### What is being asked:
Below are the records; retype them exactly and omit each picture.

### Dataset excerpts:
--------

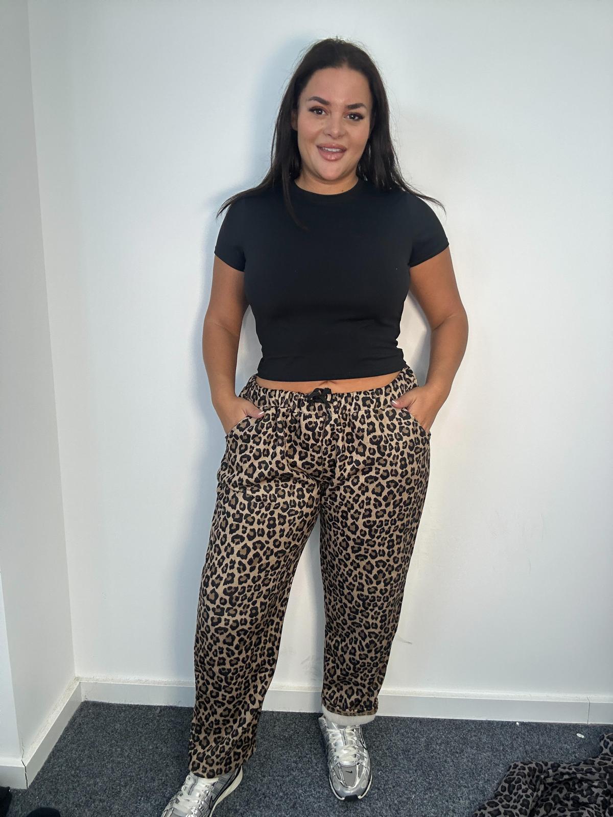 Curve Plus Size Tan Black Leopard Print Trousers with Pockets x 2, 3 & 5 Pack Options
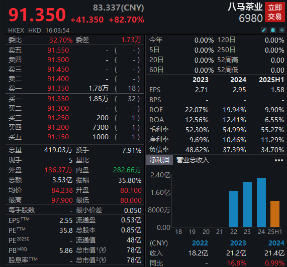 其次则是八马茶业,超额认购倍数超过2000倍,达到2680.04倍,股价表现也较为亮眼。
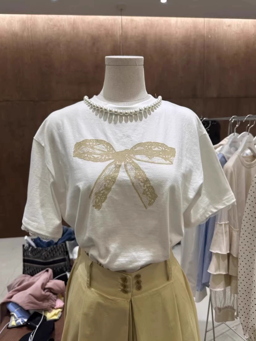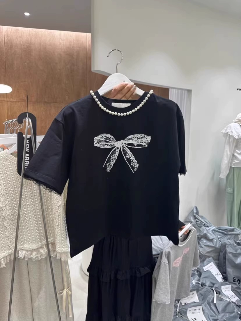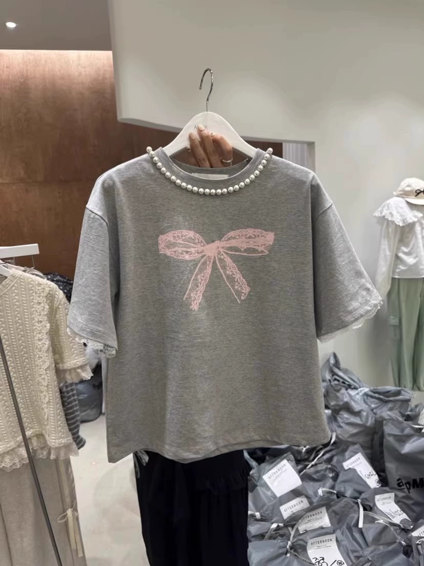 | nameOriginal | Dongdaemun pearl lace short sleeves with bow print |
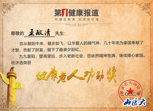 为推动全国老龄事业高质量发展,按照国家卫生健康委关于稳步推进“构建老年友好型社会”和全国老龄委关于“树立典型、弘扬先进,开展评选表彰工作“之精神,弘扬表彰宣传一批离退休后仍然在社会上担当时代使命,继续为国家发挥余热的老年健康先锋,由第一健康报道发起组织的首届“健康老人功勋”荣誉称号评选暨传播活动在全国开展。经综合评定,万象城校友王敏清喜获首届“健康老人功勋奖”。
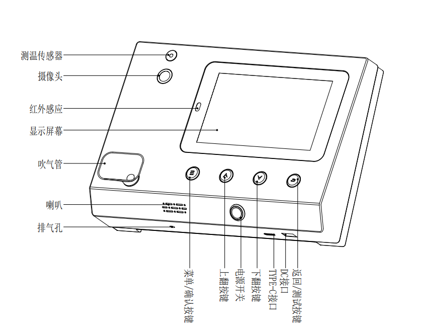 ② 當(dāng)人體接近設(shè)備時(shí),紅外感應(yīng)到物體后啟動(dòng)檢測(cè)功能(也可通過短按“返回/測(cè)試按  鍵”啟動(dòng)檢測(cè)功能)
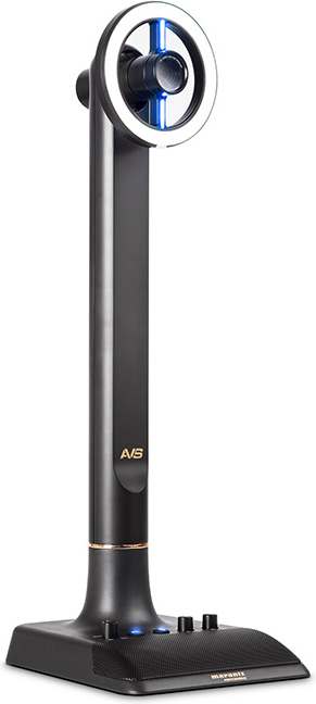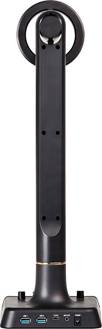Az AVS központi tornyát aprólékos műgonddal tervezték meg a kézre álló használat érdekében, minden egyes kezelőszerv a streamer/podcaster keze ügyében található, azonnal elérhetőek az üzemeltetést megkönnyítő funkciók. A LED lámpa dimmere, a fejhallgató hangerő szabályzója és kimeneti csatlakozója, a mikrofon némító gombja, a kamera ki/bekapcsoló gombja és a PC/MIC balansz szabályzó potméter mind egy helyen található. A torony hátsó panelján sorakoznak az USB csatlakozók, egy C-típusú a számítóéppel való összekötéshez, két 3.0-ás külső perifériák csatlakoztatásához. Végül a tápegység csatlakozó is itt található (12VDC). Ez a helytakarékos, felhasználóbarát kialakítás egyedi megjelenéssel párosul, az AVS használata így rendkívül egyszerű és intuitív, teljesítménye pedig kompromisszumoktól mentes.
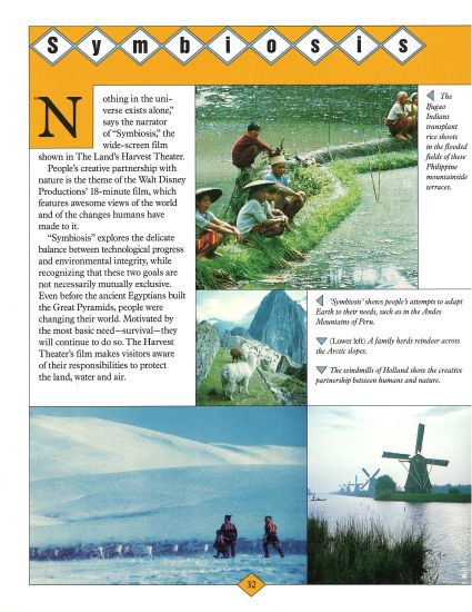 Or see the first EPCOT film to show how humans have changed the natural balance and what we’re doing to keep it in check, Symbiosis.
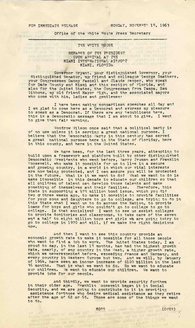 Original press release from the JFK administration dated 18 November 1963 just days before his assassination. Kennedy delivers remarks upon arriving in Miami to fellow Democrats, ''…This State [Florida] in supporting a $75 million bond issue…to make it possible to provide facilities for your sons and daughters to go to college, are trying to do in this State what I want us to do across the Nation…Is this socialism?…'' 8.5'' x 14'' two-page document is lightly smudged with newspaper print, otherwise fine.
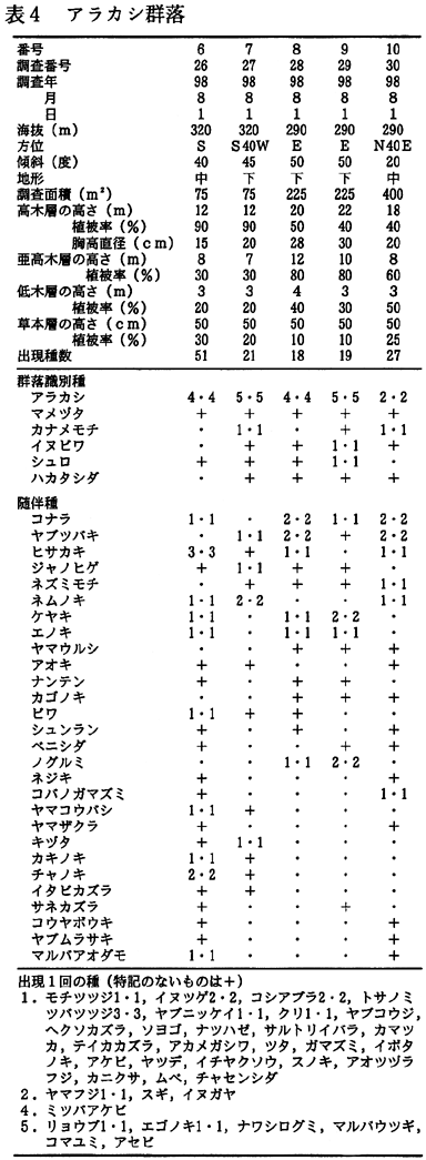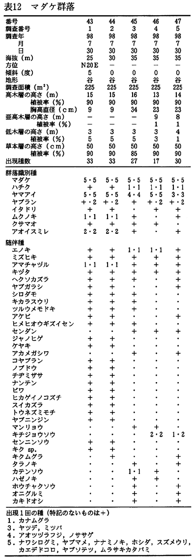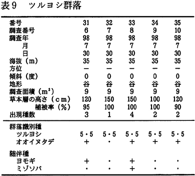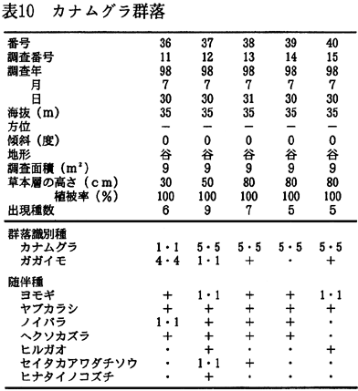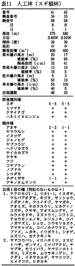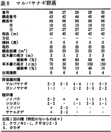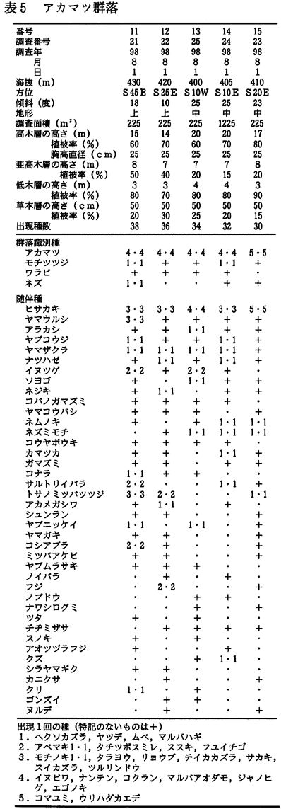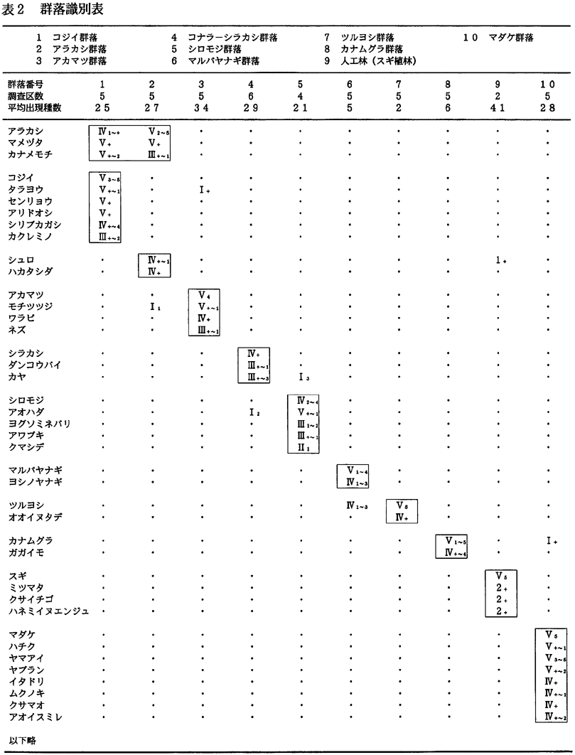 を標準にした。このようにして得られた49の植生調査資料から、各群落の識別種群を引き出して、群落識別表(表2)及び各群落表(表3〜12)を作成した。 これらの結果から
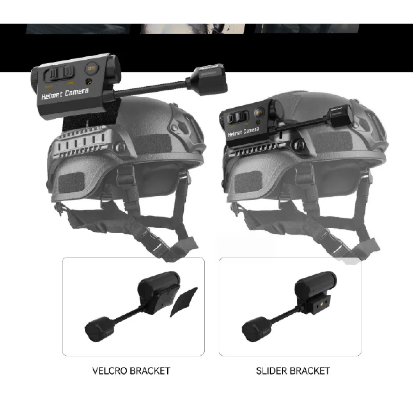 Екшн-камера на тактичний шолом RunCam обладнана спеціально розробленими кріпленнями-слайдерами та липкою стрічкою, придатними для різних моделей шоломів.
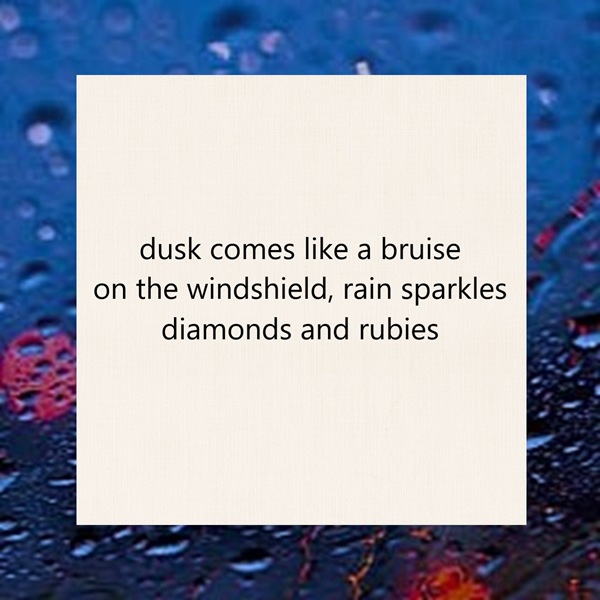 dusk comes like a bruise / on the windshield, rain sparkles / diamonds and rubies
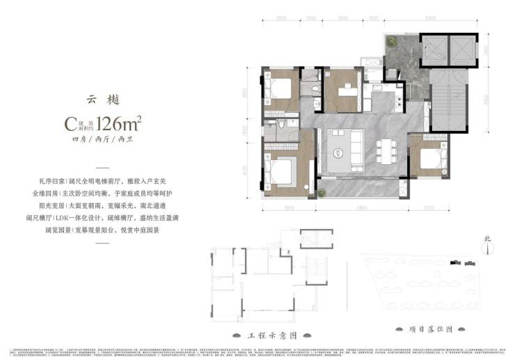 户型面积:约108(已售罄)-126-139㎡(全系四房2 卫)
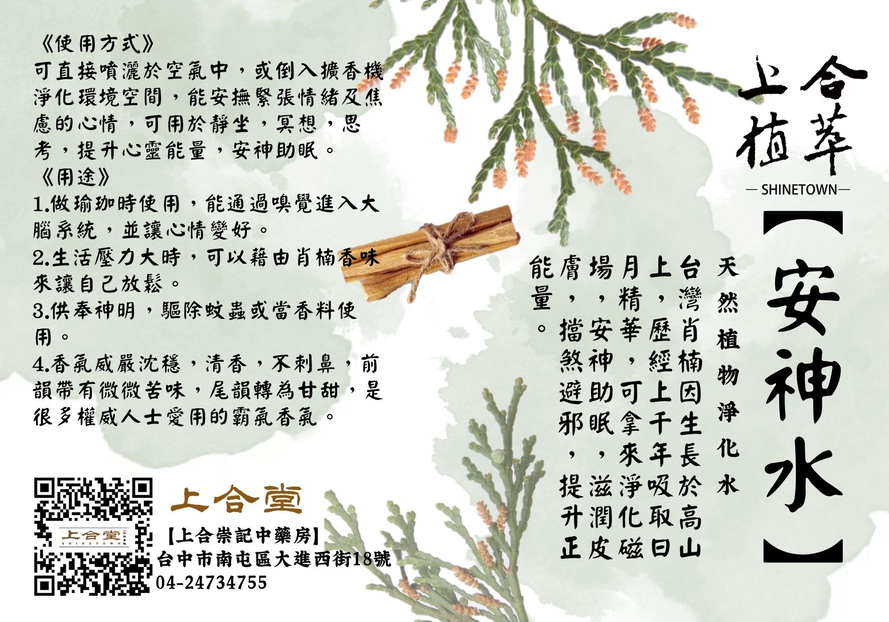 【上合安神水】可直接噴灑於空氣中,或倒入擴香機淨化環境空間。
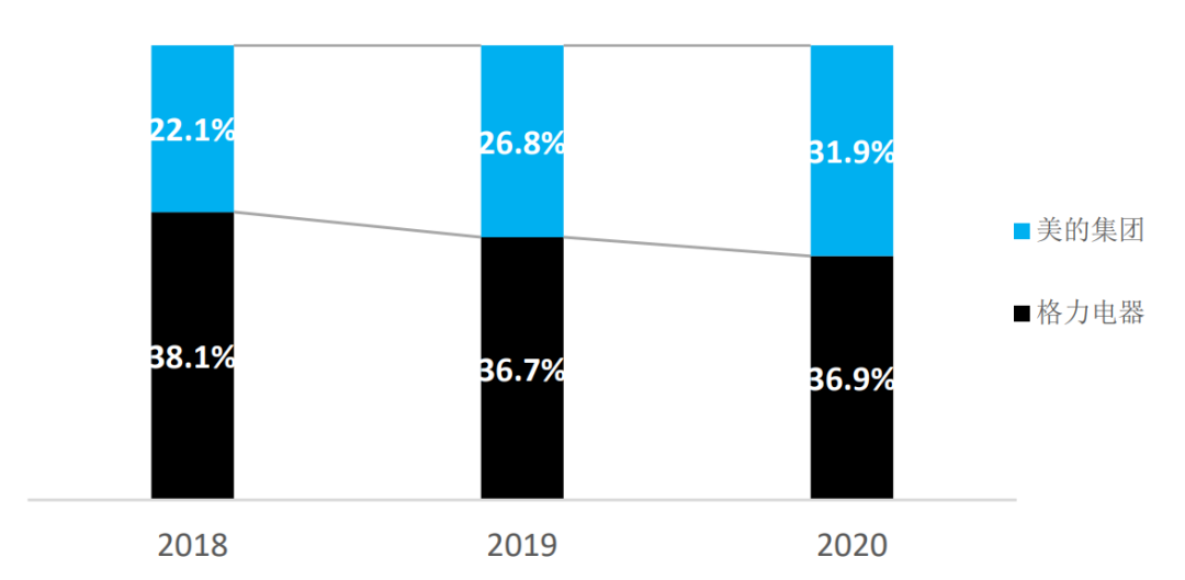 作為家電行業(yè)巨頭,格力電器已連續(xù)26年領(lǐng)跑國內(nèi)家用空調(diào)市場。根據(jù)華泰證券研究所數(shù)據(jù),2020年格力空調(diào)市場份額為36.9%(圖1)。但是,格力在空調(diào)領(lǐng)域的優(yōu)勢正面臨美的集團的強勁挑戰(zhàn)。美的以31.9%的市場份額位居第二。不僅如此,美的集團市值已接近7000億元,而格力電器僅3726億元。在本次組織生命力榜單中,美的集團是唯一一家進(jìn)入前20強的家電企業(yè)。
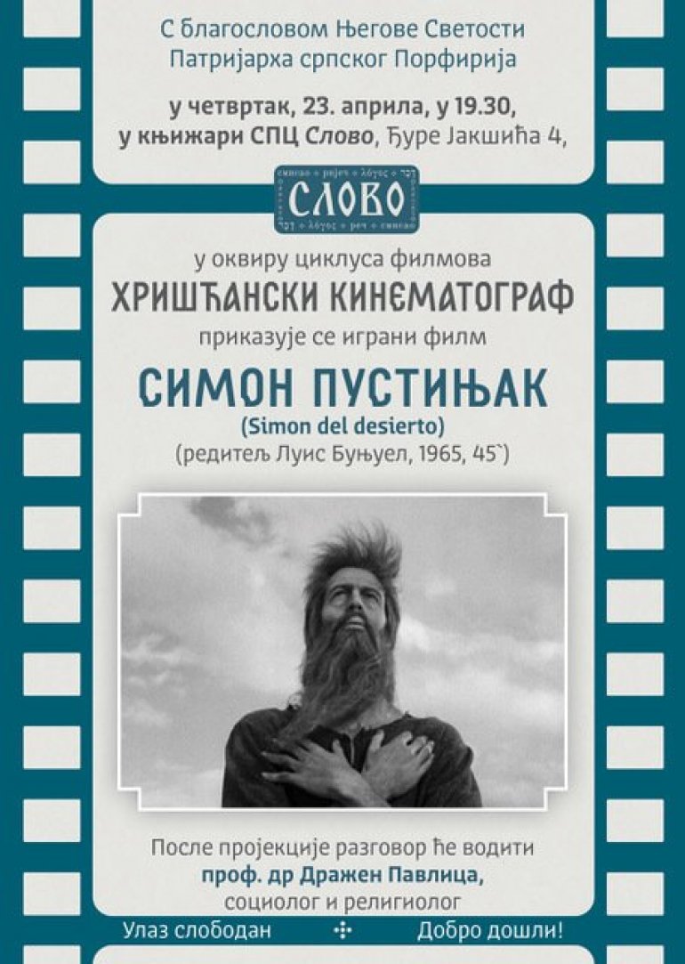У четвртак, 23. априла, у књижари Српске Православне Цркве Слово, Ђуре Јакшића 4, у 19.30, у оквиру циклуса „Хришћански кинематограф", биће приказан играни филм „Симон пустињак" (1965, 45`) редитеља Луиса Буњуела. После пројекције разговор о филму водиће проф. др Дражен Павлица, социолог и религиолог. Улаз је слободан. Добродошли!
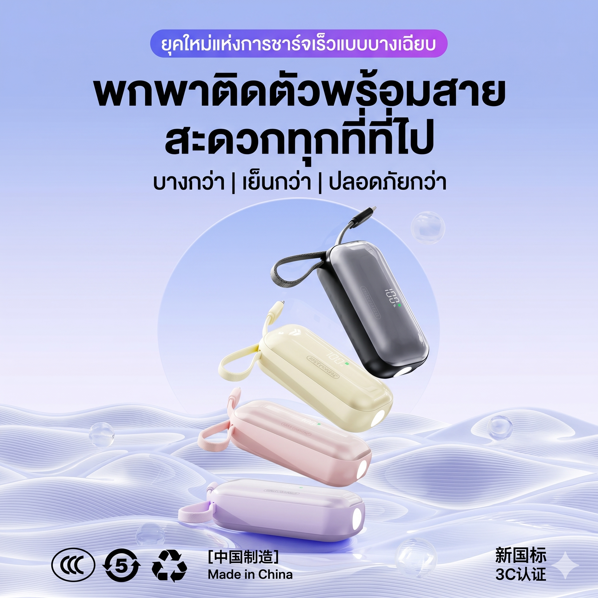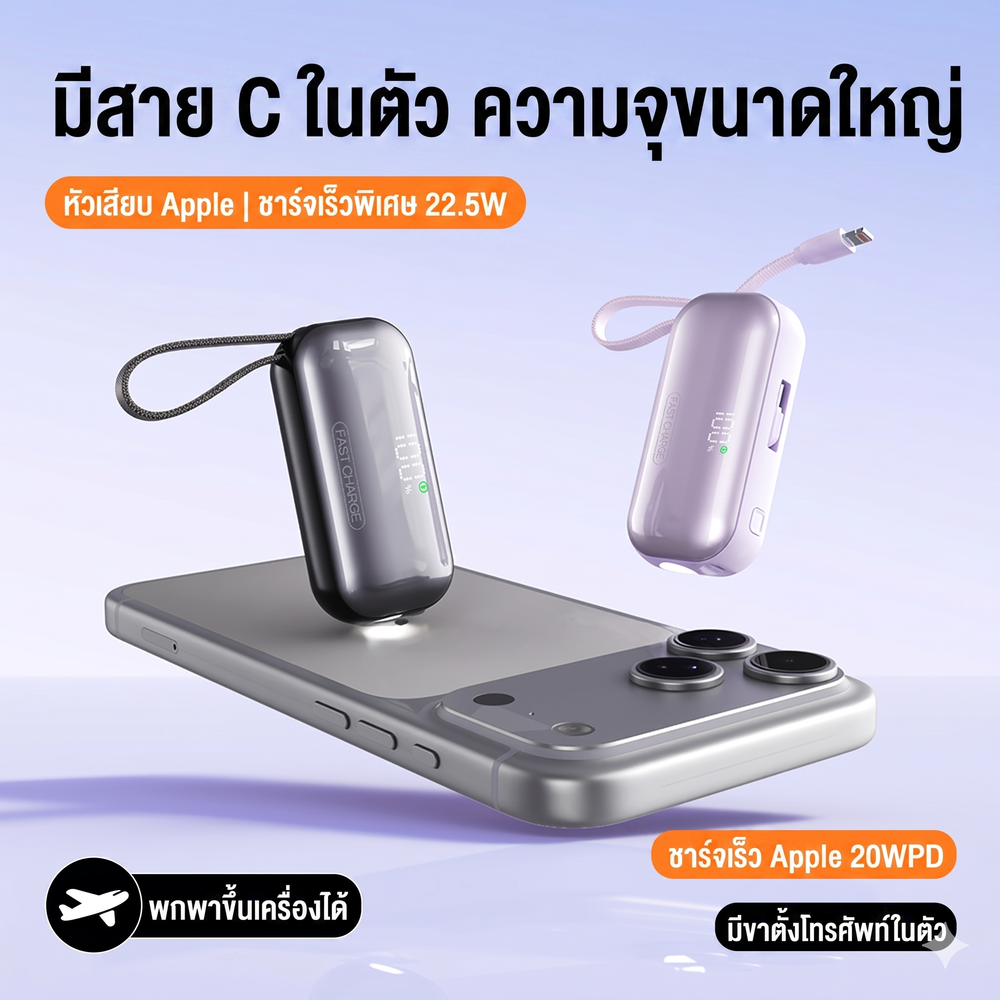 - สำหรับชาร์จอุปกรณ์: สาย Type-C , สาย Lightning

--------

### Response area:
 Curve Plus Size Tan Black Leopard Print Trousers with Pockets x 2, 3 & 5 Pack Options
 其次则是八马茶业,超额认购倍数超过2000倍,达到2680.04倍,股价表现也较为亮眼。
 | nameOriginal | Dongdaemun pearl lace short sleeves with bow print |
 为推动全国老龄事业高质量发展,按照国家卫生健康委关于稳步推进“构建老年友好型社会”和全国老龄委关于“树立典型、弘扬先进,开展评选表彰工作“之精神,弘扬表彰宣传一批离退休后仍然在社会上担当时代使命,继续为国家发挥余热的老年健康先锋,由第一健康报道发起组织的首届“健康老人功勋”荣誉称号评选暨传播活动在全国开展。经综合评定,万象城校友王敏清喜获首届“健康老人功勋奖”。
 ② 當(dāng)人體接近設(shè)備時(shí),紅外感應(yīng)到物體后啟動(dòng)檢測(cè)功能(也可通過短按“返回/測(cè)試按  鍵”啟動(dòng)檢測(cè)功能)
Az AVS központi tornyát aprólékos műgonddal tervezték meg a kézre álló használat érdekében, minden egyes kezelőszerv a streamer/podcaster keze ügyében található, azonnal elérhetőek az üzemeltetést megkönnyítő funkciók. A LED lámpa dimmere, a fejhallgató hangerő szabályzója és kimeneti csatlakozója, a mikrofon némító gombja, a kamera ki/bekapcsoló gombja és a PC/MIC balansz szabályzó potméter mind egy helyen található. A torony hátsó panelján sorakoznak az USB csatlakozók, egy C-típusú a számítóéppel való összekötéshez, két 3.0-ás külső perifériák csatlakoztatásához. Végül a tápegység csatlakozó is itt található (12VDC). Ez a helytakarékos, felhasználóbarát kialakítás egyedi megjelenéssel párosul, az AVS használata így rendkívül egyszerű és intuitív, teljesítménye pedig kompromisszumoktól mentes.
 Or see the first EPCOT film to show how humans have changed the natural balance and what we’re doing to keep it in check, Symbiosis.
 Original press release from the JFK administration dated 18 November 1963 just days before his assassination. Kennedy delivers remarks upon arriving in Miami to fellow Democrats, ''…This State [Florida] in supporting a $75 million bond issue…to make it possible to provide facilities for your sons and daughters to go to college, are trying to do in this State what I want us to do across the Nation…Is this socialism?…'' 8.5'' x 14'' two-page document is lightly smudged with newspaper print, otherwise fine.
 を標準にした。このようにして得られた49の植生調査資料から、各群落の識別種群を引き出して、群落識別表(表2)及び各群落表(表3〜12)を作成した。 これらの結果から
 Екшн-камера на тактичний шолом RunCam обладнана спеціально розробленими кріпленнями-слайдерами та липкою стрічкою, придатними для різних моделей шоломів.
 dusk comes like a bruise / on the windshield, rain sparkles / diamonds and rubies
 户型面积:约108(已售罄)-126-139㎡(全系四房2 卫)
 【上合安神水】可直接噴灑於空氣中,或倒入擴香機淨化環境空間。
 作為家電行業(yè)巨頭,格力電器已連續(xù)26年領(lǐng)跑國內(nèi)家用空調(diào)市場。根據(jù)華泰證券研究所數(shù)據(jù),2020年格力空調(diào)市場份額為36.9%(圖1)。但是,格力在空調(diào)領(lǐng)域的優(yōu)勢正面臨美的集團的強勁挑戰(zhàn)。美的以31.9%的市場份額位居第二。不僅如此,美的集團市值已接近7000億元,而格力電器僅3726億元。在本次組織生命力榜單中,美的集團是唯一一家進(jìn)入前20強的家電企業(yè)。
У четвртак, 23. априла, у књижари Српске Православне Цркве Слово, Ђуре Јакшића 4, у 19.30, у оквиру циклуса „Хришћански кинематограф", биће приказан играни филм „Симон пустињак" (1965, 45`) редитеља Луиса Буњуела. После пројекције разговор о филму водиће проф. др Дражен Павлица, социолог и религиолог. Улаз је слободан. Добродошли!
 - สำหรับชาร์จอุปกรณ์: สาย Type-C , สาย Lightning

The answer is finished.